In the wake of the scandal, Cœuré was given the daintiest of slaps on the wrist and the ECB adopted new rules on how and when to associate with financial lobbyists and representatives of financial corporations, none of which has stopped it from intensifying its involvement with G30, which includes senior representatives of some of the world’s biggest banks and investment firms.

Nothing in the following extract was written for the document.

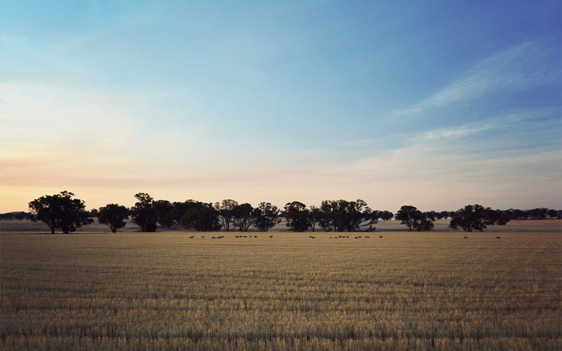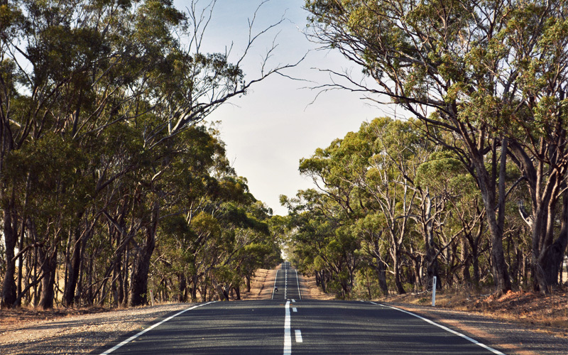 Soon we pick up a long series of short rolling hills on the road that heads south toward Carisbrook, but it comes with a line of trees on either side that give some shelter from the sun that's already causing the distant fields to shimmer in the waves of heat at 9:00 in the morning. Cows and sheep walk across the fields in small groups, headed for the shade of broad gum trees, where they'll probably stay huddled close to one another for the next nine hours. But they are the lucky ones. We spend far more time than we should saying terrible things about the farmers who let their animals wander in fields where no trees or barns or other shelters exist anywhere. In a part of the world where 110 degree days happen all the time it is without question an act of animal cruelty.

Its agents have also been buying up bonds from companies behind closed doors via “private placements” — a common enough practice for private investors but one which raises serious ethical concerns when it’s being done by Europe’s newfound “debt buyer of first resort,” with billions of euros of public funds.
There’s also plenty of opportunity for the ECB to inform select hedge funds and certain other market participants of its latest investment decision, so that they can front run the investment. Naturally, its participation in private placements was all on the QT, but it, too, was leaked – and the ECB had some explaining to do.
Now, thanks to the EU Ombusman’s latest inquiry, it will have even more explaining to do. And it might end up tweaking its rules a tiny little bit, but its practices are unlikely to change any time soon. By Don Quijones, Raging Bull-Shit.